● Information:
Segment Open

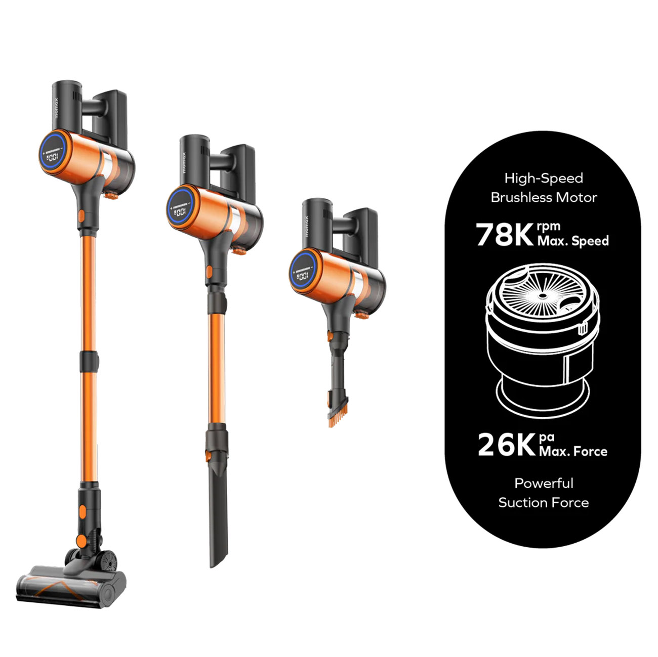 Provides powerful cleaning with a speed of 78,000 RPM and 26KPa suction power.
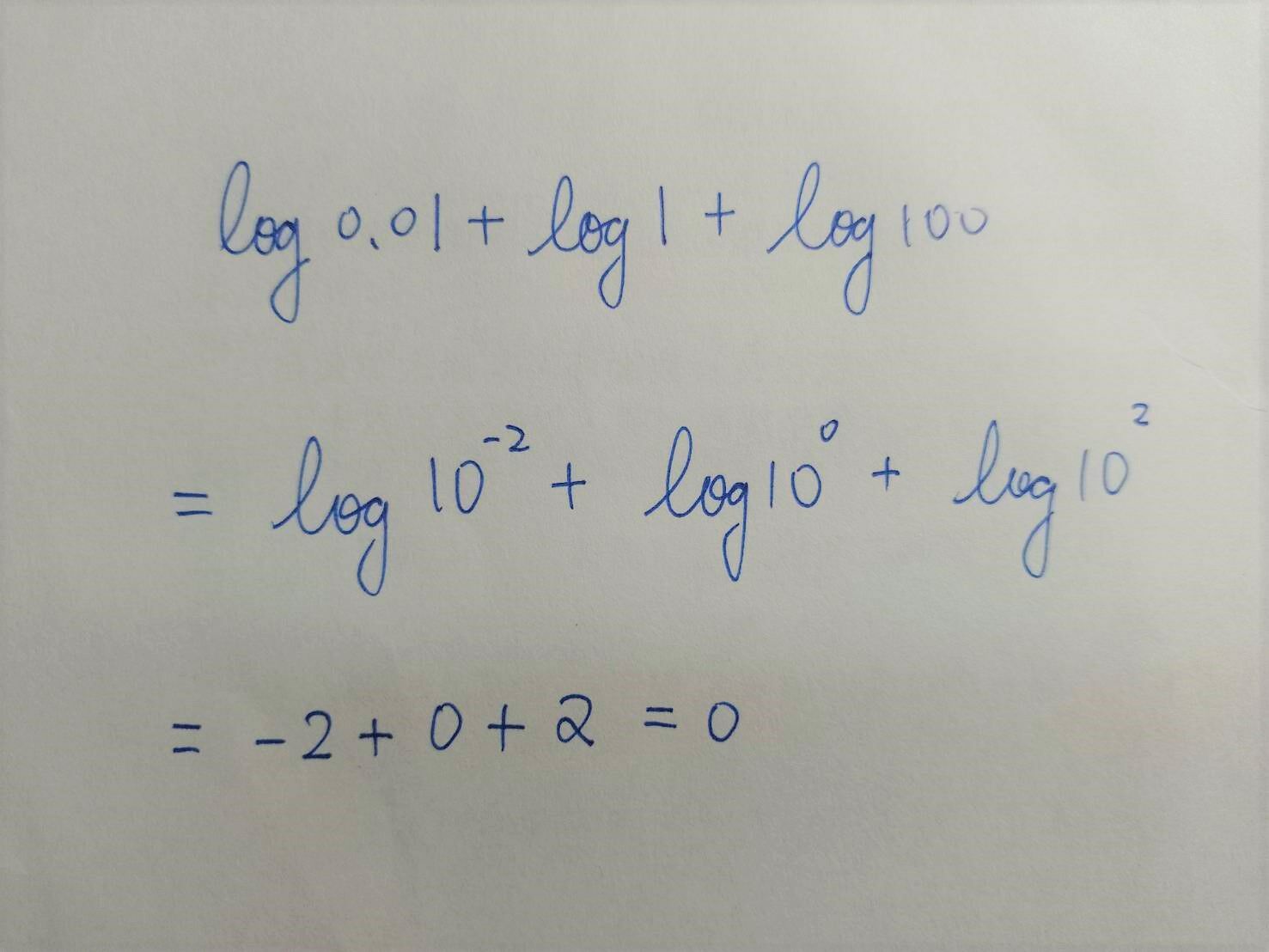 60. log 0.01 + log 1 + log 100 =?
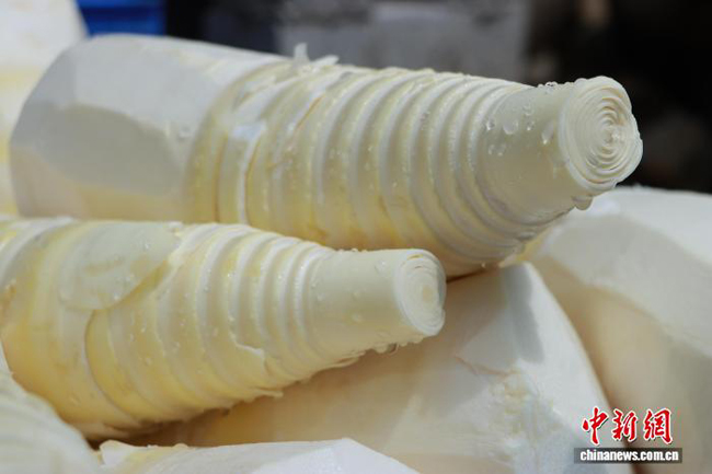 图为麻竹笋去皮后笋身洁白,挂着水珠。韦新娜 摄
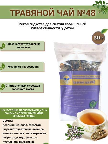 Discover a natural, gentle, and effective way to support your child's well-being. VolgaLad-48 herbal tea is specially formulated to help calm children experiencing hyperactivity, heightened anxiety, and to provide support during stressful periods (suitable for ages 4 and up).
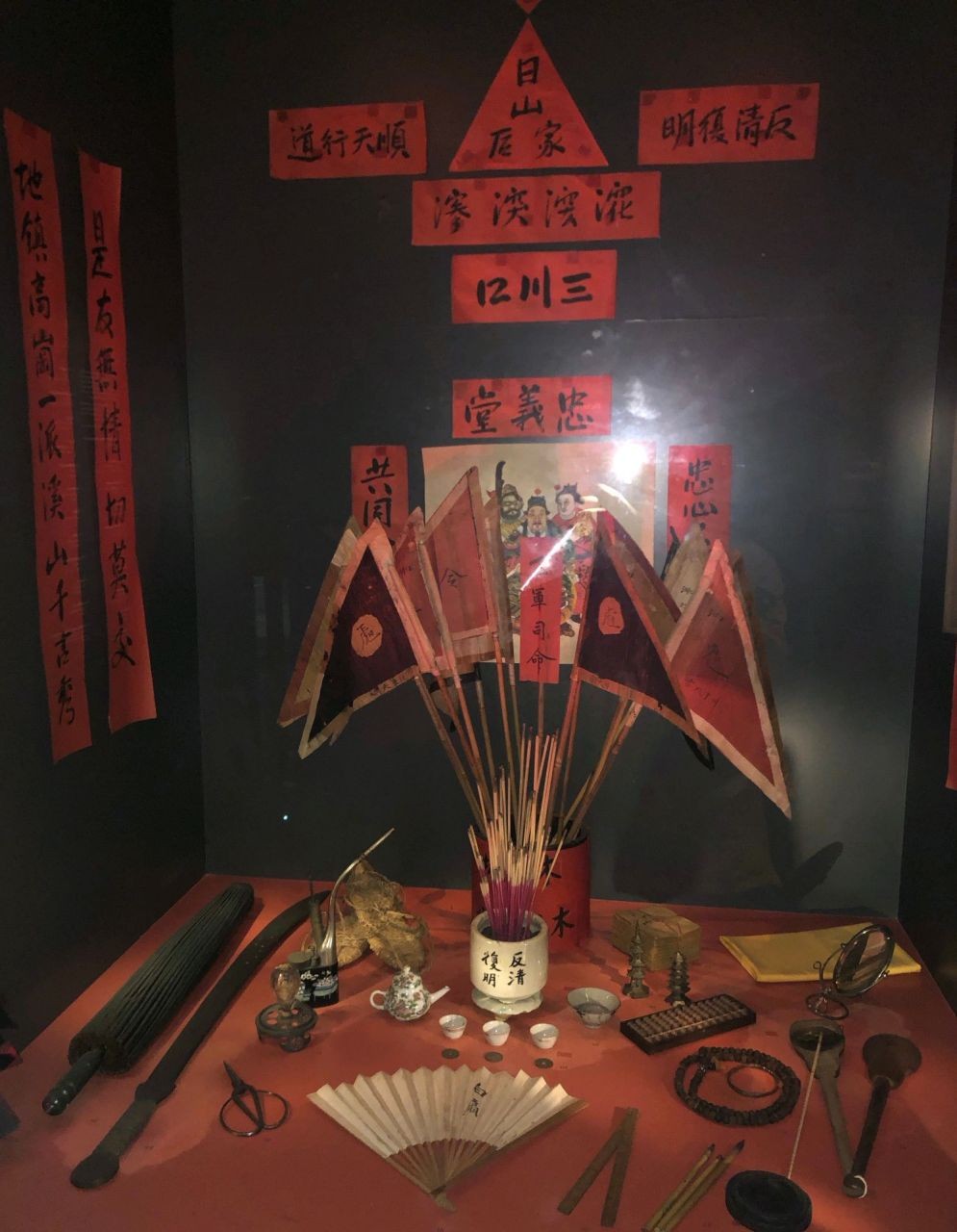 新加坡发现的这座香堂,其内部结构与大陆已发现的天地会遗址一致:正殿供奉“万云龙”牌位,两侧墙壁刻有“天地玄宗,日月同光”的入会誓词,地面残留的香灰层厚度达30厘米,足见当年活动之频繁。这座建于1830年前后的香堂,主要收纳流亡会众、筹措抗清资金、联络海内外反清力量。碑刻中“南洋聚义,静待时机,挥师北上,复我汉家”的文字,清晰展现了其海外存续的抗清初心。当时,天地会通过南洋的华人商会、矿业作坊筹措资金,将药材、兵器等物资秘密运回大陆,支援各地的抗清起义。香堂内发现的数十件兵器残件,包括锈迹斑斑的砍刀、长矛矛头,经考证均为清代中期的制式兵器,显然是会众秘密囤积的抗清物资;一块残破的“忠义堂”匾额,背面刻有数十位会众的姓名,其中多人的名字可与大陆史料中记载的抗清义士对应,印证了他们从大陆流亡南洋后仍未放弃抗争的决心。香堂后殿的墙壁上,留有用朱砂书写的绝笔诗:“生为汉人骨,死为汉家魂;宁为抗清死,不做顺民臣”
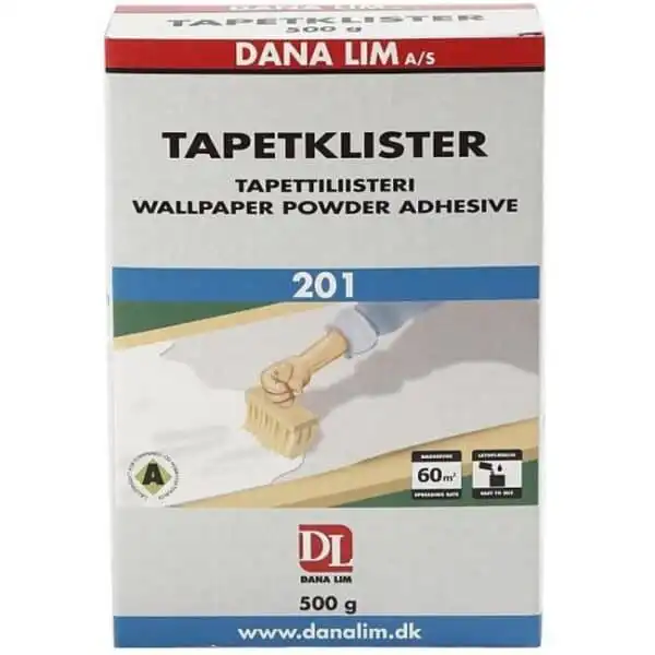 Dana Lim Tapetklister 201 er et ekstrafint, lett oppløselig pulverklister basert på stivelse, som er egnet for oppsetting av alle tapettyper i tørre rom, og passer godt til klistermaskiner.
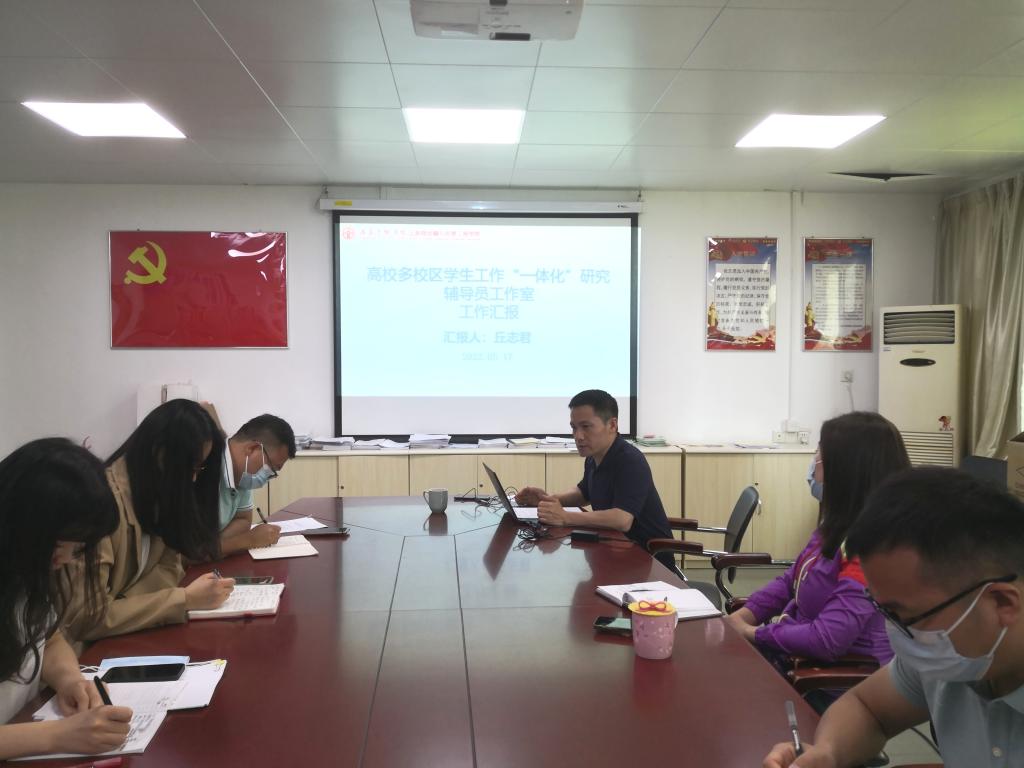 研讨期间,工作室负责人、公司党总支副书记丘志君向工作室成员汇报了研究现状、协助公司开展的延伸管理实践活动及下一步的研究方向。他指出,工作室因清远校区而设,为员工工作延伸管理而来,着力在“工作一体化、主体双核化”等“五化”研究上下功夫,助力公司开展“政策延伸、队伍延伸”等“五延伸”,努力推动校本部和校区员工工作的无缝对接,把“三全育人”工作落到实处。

Segment Closed

● What this task involves: Leave every picture out, and repeat exactly the lines from the one containing "60. log 0.01 + log 1 + log 100 =?" through the last line of the entries, both ends included.

● Task answer:
 60. log 0.01 + log 1 + log 100 =?
 图为麻竹笋去皮后笋身洁白,挂着水珠。韦新娜 摄
 Discover a natural, gentle, and effective way to support your child's well-being. VolgaLad-48 herbal tea is specially formulated to help calm children experiencing hyperactivity, heightened anxiety, and to provide support during stressful periods (suitable for ages 4 and up).
 新加坡发现的这座香堂,其内部结构与大陆已发现的天地会遗址一致:正殿供奉“万云龙”牌位,两侧墙壁刻有“天地玄宗,日月同光”的入会誓词,地面残留的香灰层厚度达30厘米,足见当年活动之频繁。这座建于1830年前后的香堂,主要收纳流亡会众、筹措抗清资金、联络海内外反清力量。碑刻中“南洋聚义,静待时机,挥师北上,复我汉家”的文字,清晰展现了其海外存续的抗清初心。当时,天地会通过南洋的华人商会、矿业作坊筹措资金,将药材、兵器等物资秘密运回大陆,支援各地的抗清起义。香堂内发现的数十件兵器残件,包括锈迹斑斑的砍刀、长矛矛头,经考证均为清代中期的制式兵器,显然是会众秘密囤积的抗清物资;一块残破的“忠义堂”匾额,背面刻有数十位会众的姓名,其中多人的名字可与大陆史料中记载的抗清义士对应,印证了他们从大陆流亡南洋后仍未放弃抗争的决心。香堂后殿的墙壁上,留有用朱砂书写的绝笔诗:“生为汉人骨,死为汉家魂;宁为抗清死,不做顺民臣”
 Dana Lim Tapetklister 201 er et ekstrafint, lett oppløselig pulverklister basert på stivelse, som er egnet for oppsetting av alle tapettyper i tørre rom, og passer godt til klistermaskiner.
 研讨期间,工作室负责人、公司党总支副书记丘志君向工作室成员汇报了研究现状、协助公司开展的延伸管理实践活动及下一步的研究方向。他指出,工作室因清远校区而设,为员工工作延伸管理而来,着力在“工作一体化、主体双核化”等“五化”研究上下功夫,助力公司开展“政策延伸、队伍延伸”等“五延伸”,努力推动校本部和校区员工工作的无缝对接,把“三全育人”工作落到实处。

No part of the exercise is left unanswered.